Martin Brambach: Auf allen Kanälen

Ich führe ja schon seit einiger Zeit meine ganz persönliche Martin Brambach-Strichliste. Derzeit liegt die Brambach-Quote der Öffentlich-Rechtlichen bei gefühlten 30 Prozent zur besten Sendezeit. Es gibt kaum noch einen Tatort ohne ihn: Zuletzt nervte er Ulrich Tukur als Dorfpolizist, am kommenden Sonntag wird er im Leipziger namens "Schön ist anders" zu sehen sein. Und wer hat gestern Abend genau hingesehen? In "Die Entdeckung der Currywurst" hatte er einen kurzen, aber ganz brambach-typischen Auftritt als Gauredner. Der Mann ist präsent - ja fast schon überpräsent. Und ich sage: richtig so. Denn keiner verkörpert so gut den typisch deutschen Durchschnittsbürger aus der Mittelschicht, der bevorzugt in einer Bürotätigkeit vor sich hin dämmert, mit Durchschnittstalent in einem Durchschnittsleben.
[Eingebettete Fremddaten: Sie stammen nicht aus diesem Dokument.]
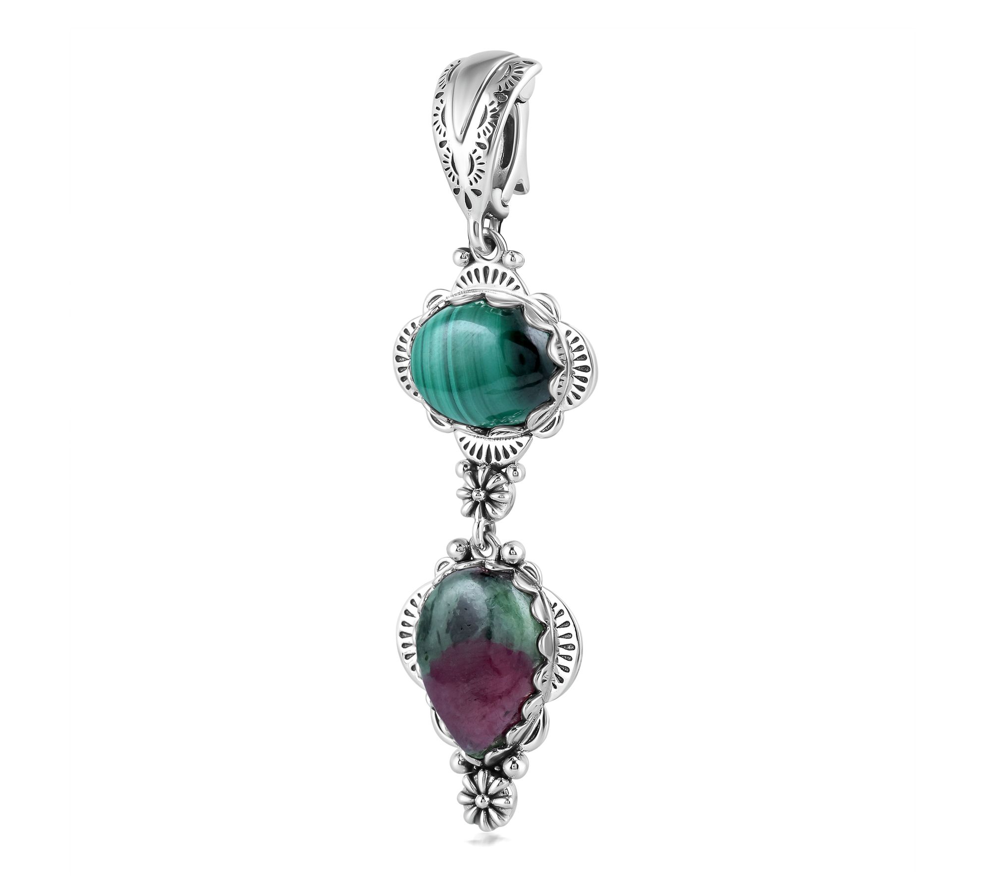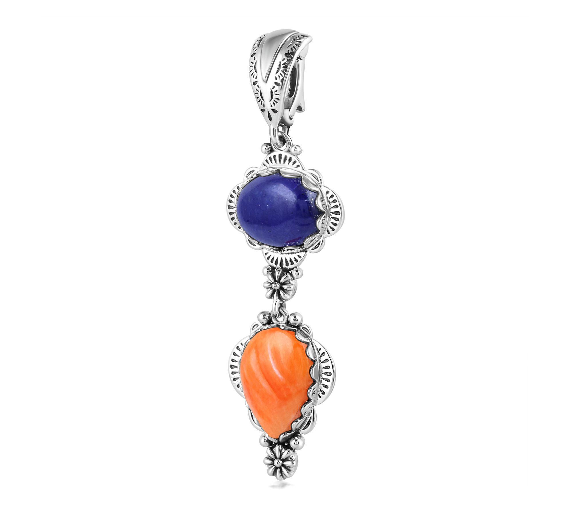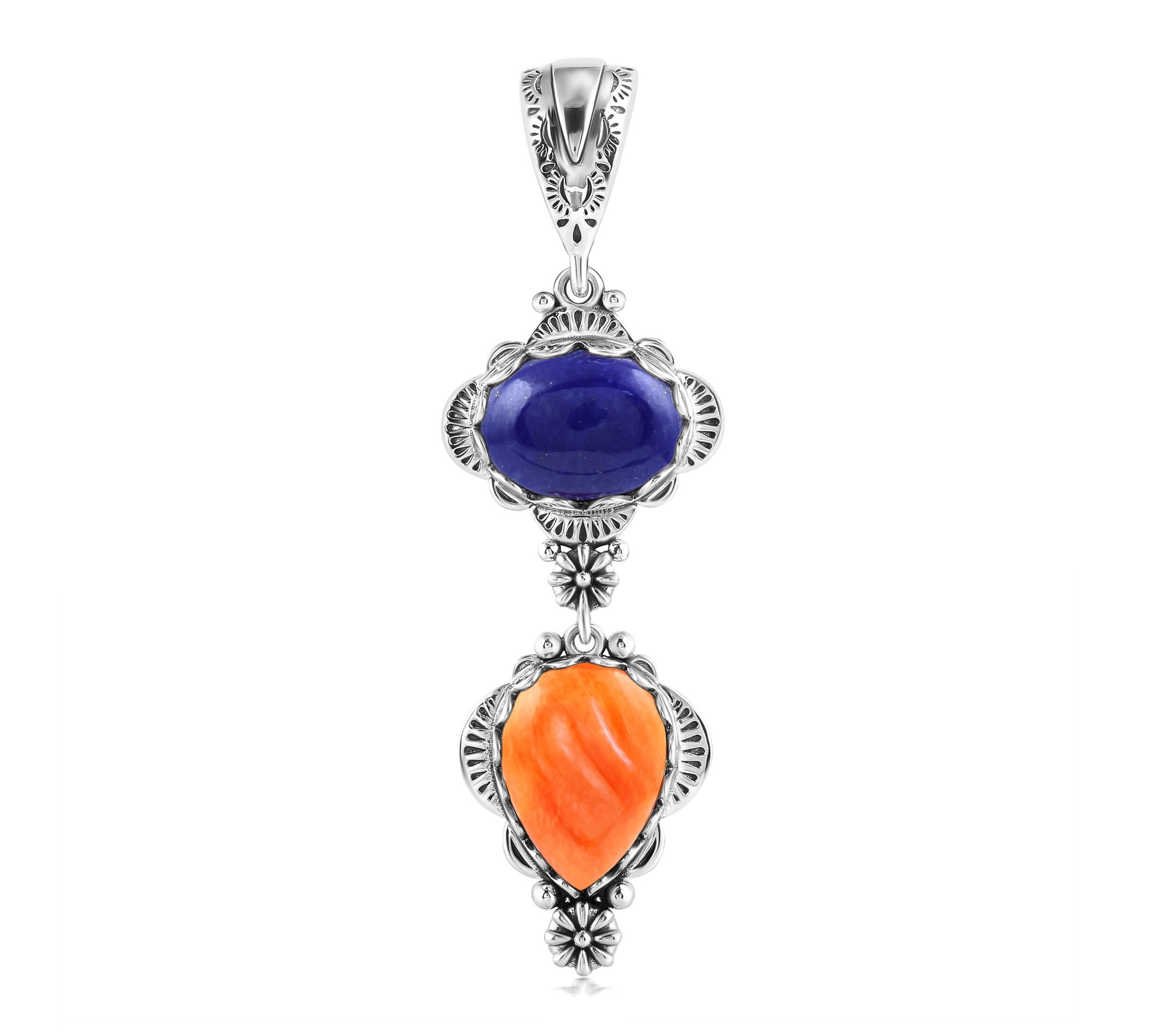 Shining with vibrant color and artful detail, this sterling silver linear enhancer brings the beauty of gemstone cabochons and floral accents to any look. The etched, snap-hinge bail makes it easy to add to your favorite chain or cord, while the oval and pear shapes evoke Southwestern charm on days out or special evenings. From American West Jewelry.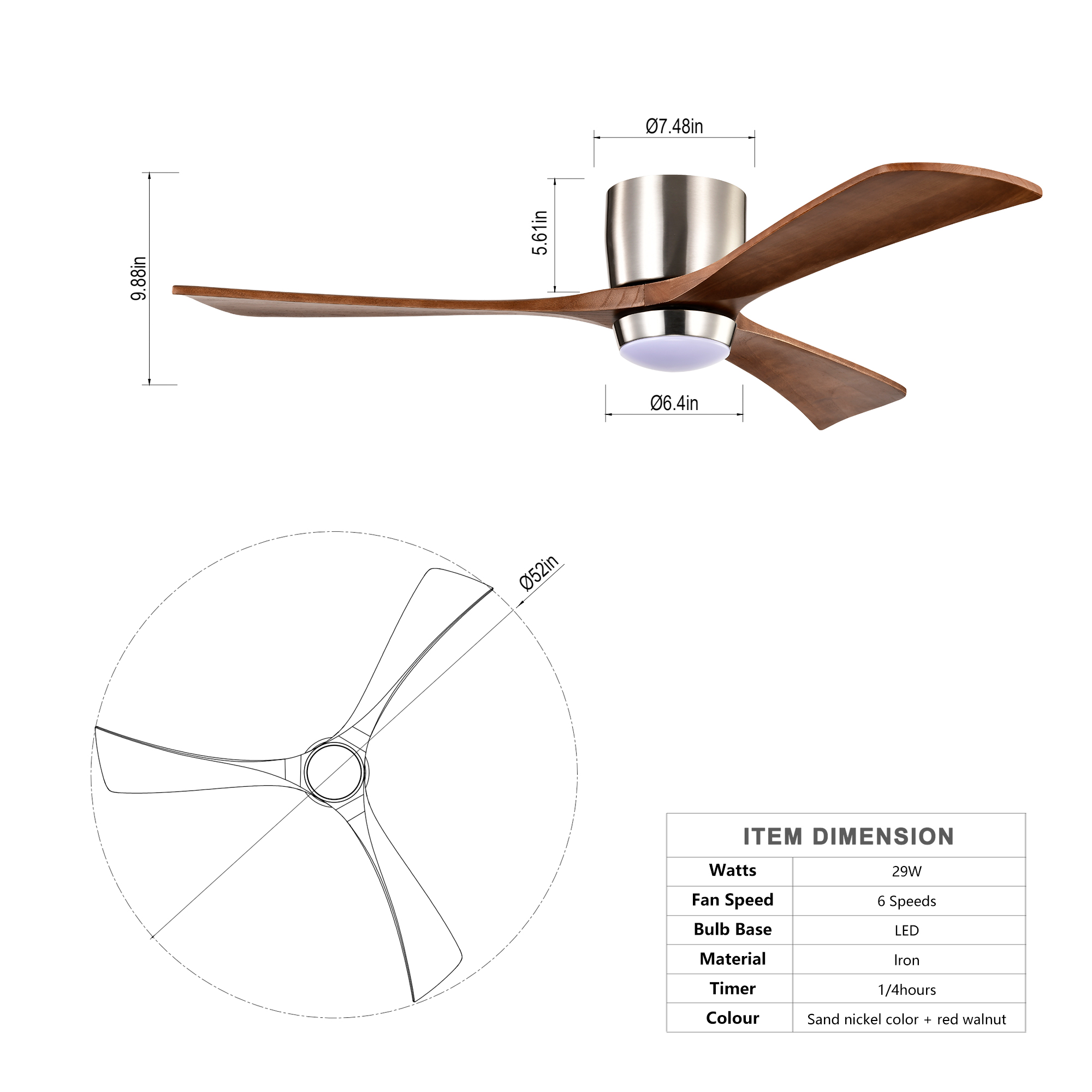 Product Name:52" Ceiling Fan with Lights Remote Control,Quiet DC Motor 3 Wood Blade Ceiling Fans 6 Speed Levels,Reversible Ceiling Fan, for Patio Living Room, Bedroom, Office,Indoor.(Stain nickel + Walnut )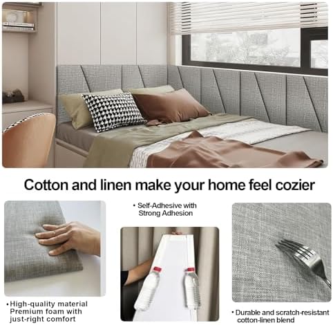Enhance your bedroom, living room, or dorm with the Visit the peaudny peel and stick headboard for queen beds. Covered in soft, skin-friendly linen fabric and filled with high-density, high-elasticity sponge, these panels provide a moderate hardness that offers an excellent backrest experience. They deliver comfort alongside effective anti-collision protection, making your space cozy and safe.
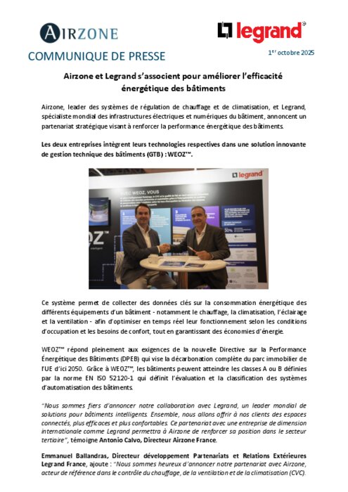 Airzone, leader des systèmes de régulation de chauffage et de climatisation, et Legrand, spécialiste mondial des infrastructures électriques et numériques du bâtiment, annoncent un partenariat stratégique visant à renforcer la performance énergétique des bâtiments. Les deux entreprises intègrent leurs technologies respectives dans une solution innovante de gestion technique des bâtiments (GTB) : WEOZ™.

Schnoddrig, unbeholfen und immer ein wenig schlecht gelaunt.

Brambach schlüpft wie kein Zweiter chamäleonartig in diese Rollen. So gut, dass man ihn kaum noch wahrnimmt. Vielleicht besetzt man ihn deshalb so oft. Weil er mit seinem Umfeld verschmilzt, ganz gleich in welcher Geschichte. Und er wählt sich davon nur die besten aus: "Das Leben der Anderen", "Yella", "Unter anderen Umständen", "KDD" - die Liste ist lang und wird immer länger. Das ist gut und soll auch so bleiben. Aber man fragt sich schon: Wann hat Brambach mal frei?